第36章 春日新人(1)
春日新人(1)
“怎麽才回來?”
左輕顏回瓊華院時,夜色已濃。屋內燭火黯淡,宋輕香就着一點光亮擦劍,木門吱呀一聲,他撩起眼皮,輕聲問了一句。
左輕顏把外袍脫下随手放在椅背上。
今日參與群劍大會,不似平日穿得輕簡,寬袍大袖、峨冠博帶,連去見褚山遙都忘了換身行頭,拖來拽去一天,又熱又沉,現在一換下,松快得毫無倦怠感。
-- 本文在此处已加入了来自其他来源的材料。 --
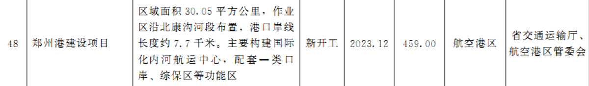 今年8月份,河南省政府办公厅发布的《河南省全面加快基础设施建设稳住经济大盘工作方案》(简称《稳经济大盘工作方案》)中明确提到,河南要在航空港区建立国际化的内河航运中心——郑州港,配套一类口岸与综保区功能,面积约30平方公里,作业区沿北康沟河段布置,港口岸线长度7.7千米,开工时间2023年12月。

他拉過條凳子坐下,倒杯冷茶:“跟先生多說幾句話,耽誤了時間。阿名呢?”
“睡着了。白天交給斬劍門的師兄師姐們帶,玩得瘋了點,回屋就睡下了。”宋輕香反複看了幾遍劍身,終于舍得收好,“跟褚長老說那麽多話,又在聊那個魔修的陣法?”
左輕顏喝了口冷水,沒說話。
宋輕香冷哼:“少鼓搗這種東西,也不怕走火入魔。”少頃,他又問,“有什麽收獲沒有?”
左輕顏便把今日在書房和紅骨遺址的事都說與對方。
宋輕香聽完,轉頭進了屋,又很快捧着一個小盒子出來,一打開,是一塊涼玉。
“公孫宗主送來的,說是送你。他倒是關心你。”
宋輕香說得陰陽怪氣,動作利索地給左輕顏挂脖子上,一股涼意沖破夏夜的熱度,比起道清門做得納涼符還有用,左輕顏好受了許多。
宋輕香撥了一下垂落下來的涼玉。
燭光跳動,他臉上的陰影也晃動了起來:“有你這個由頭也好,改天我備點禮物去公衍宗拜訪一番。”
左輕顏震驚:“你還懂禮尚往來?”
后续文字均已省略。